··· Exercise materials ···

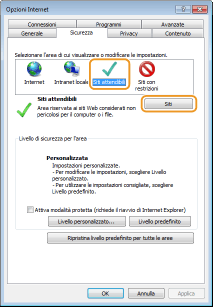 Selezionare [Siti attendibili] nella scheda [Sicurezza] e fare clic su [Siti].
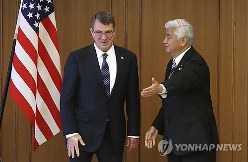 △ 2015년 4월 8일 일본 도쿄도 소재 방위성에서 나카타니 겐(오른쪽) 일본 방위상이 손을 뻗어 애슈턴 카터 미국 국방장관을 안내하고 있다.(AP=연합뉴스 자료사진)
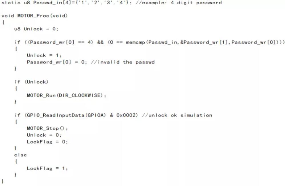 在MOTOR_Proc()處理函數(shù)中針對藍牙接收到的密碼數(shù)據(jù)進行解析,如果與默認設(shè)置的4位0-9數(shù)字密碼完全匹配上則操作解鎖,將DC馬達按照設(shè)定方向控制運轉(zhuǎn),為了簡易驗證,模擬一個信號表示解鎖成功,這里是通過采集指定IO引腳PA1的輸入來實現(xiàn),采集到輸入為高電平那么停止DC馬達轉(zhuǎn)動,且清零鎖定標志位。以下為代碼實現(xiàn)內(nèi)容:
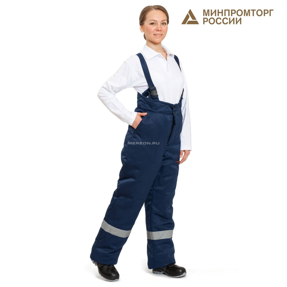Брюки прямого силуэта ,с завышенным утепленным поясом . При помощи петель /пуговиц к поясу брюк крепится утепленная спинка с бретелями ( спереди бретели крепятся к поясу брюк карабинами ) . По линии ниже колена настрочена световозвращающая полоса шириной 50мм .Боковые карманы накладные с наклонной линией входа . Гульфик – на молнии .
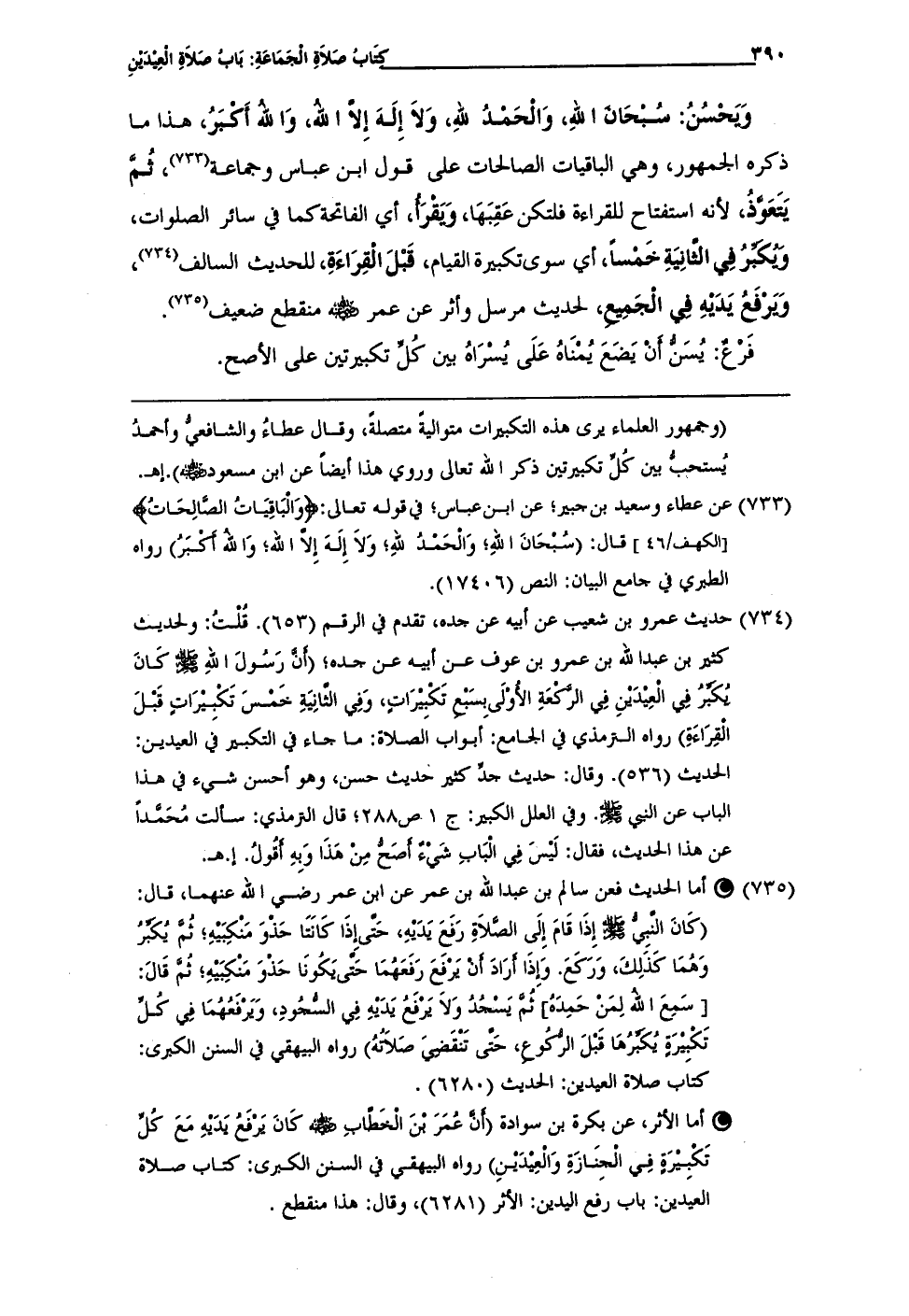 تَكْبِيْرَةٍ فِي الْجِنَازَةِ وَالْعِيْدَيْنِ) رواه البيهقي في السنن الكبرى: كتاب صلاة العيدين: باب رفع اليدين: الأثر (6281)، وقال: هذا منقطع.
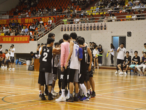 后半场我方球员重新调整状态,全力出击,越战越勇,逼得研究生队连犯三次规而请求暂停,我院也实现比分的反超。比赛再次开始,研究生队调整战术,打出配合拉近比分。我方球员没有慌乱,稳住阵脚,组织有效的反攻。时间一分一秒的过去。当比赛结束的哨声响起时,全场沸腾。
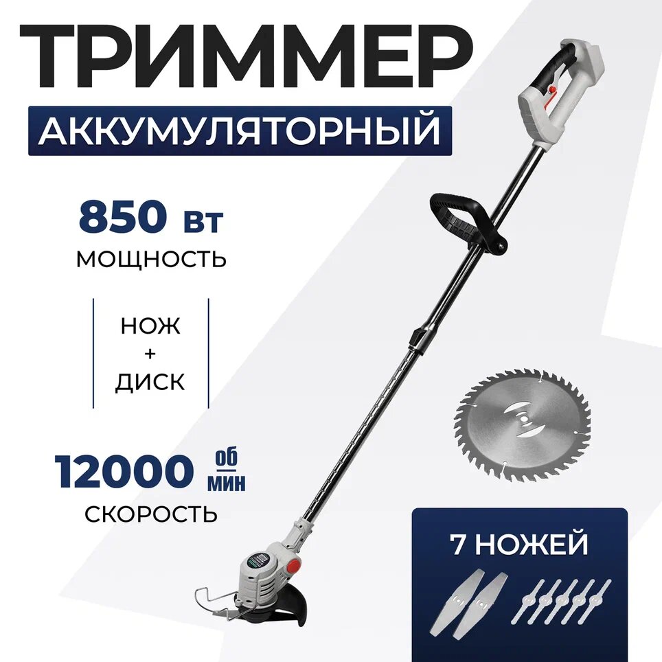 Триммер для травы аккумуляторный садовый ручной мощный триммер для газона. 2 аккумулятора. 8 насадок
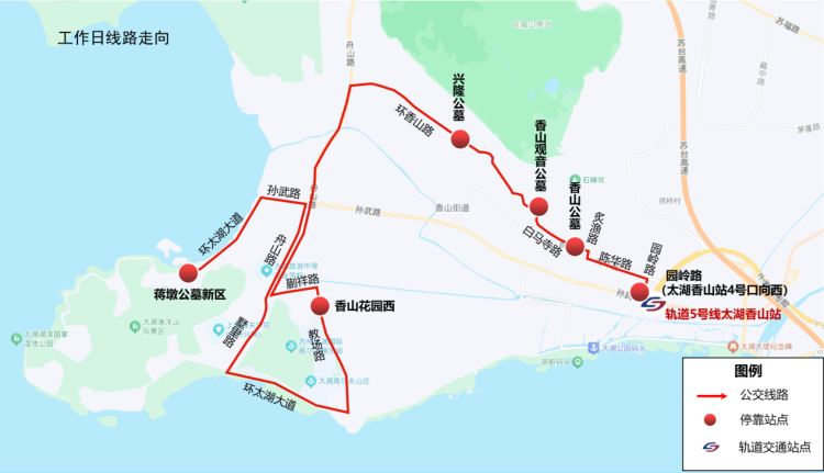 市民乘坐地鐵5號(hào)線至“太湖香山”站,從4號(hào)口出站后向西步行約100米至園嶺路上下客點(diǎn),即可換乘掃墓接駁專線,一站式直達(dá)四大墓區(qū),祭掃結(jié)束后可在下車點(diǎn)原路返回。
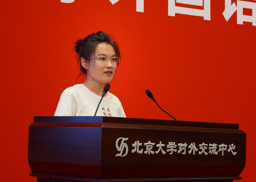法语系2021级博士生赵婉雪在发言中提到,历史悠久、成绩斐然的北大外院,是学子们心中永远鲜活的精神家园。作为博士生,她将继续坚持自主选择的事业,全身心倾注热情,在人类文明的星空下仰望探索。她认为,以学术为业,也是力求文明进步、发挥所长的报国之路,燕园学子应当有一份传播中国声音的家国情怀。
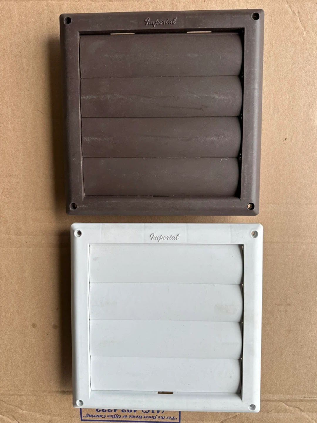83Selling two 5 inch vent covers in good condition. One is brown and the other is white. Both are from Imperial.

···

From the records above, copy exactly the stretch from the line holding "Брюки прямого силуэта" through the line holding "后半场我方球员重新调整状态,全力出击,越", both ends included, without the pictures.

> Your response:
Брюки прямого силуэта ,с завышенным утепленным поясом . При помощи петель /пуговиц к поясу брюк крепится утепленная спинка с бретелями ( спереди бретели крепятся к поясу брюк карабинами ) . По линии ниже колена настрочена световозвращающая полоса шириной 50мм .Боковые карманы накладные с наклонной линией входа . Гульфик – на молнии .
 تَكْبِيْرَةٍ فِي الْجِنَازَةِ وَالْعِيْدَيْنِ) رواه البيهقي في السنن الكبرى: كتاب صلاة العيدين: باب رفع اليدين: الأثر (6281)، وقال: هذا منقطع.
 后半场我方球员重新调整状态,全力出击,越战越勇,逼得研究生队连犯三次规而请求暂停,我院也实现比分的反超。比赛再次开始,研究生队调整战术,打出配合拉近比分。我方球员没有慌乱,稳住阵脚,组织有效的反攻。时间一分一秒的过去。当比赛结束的哨声响起时,全场沸腾。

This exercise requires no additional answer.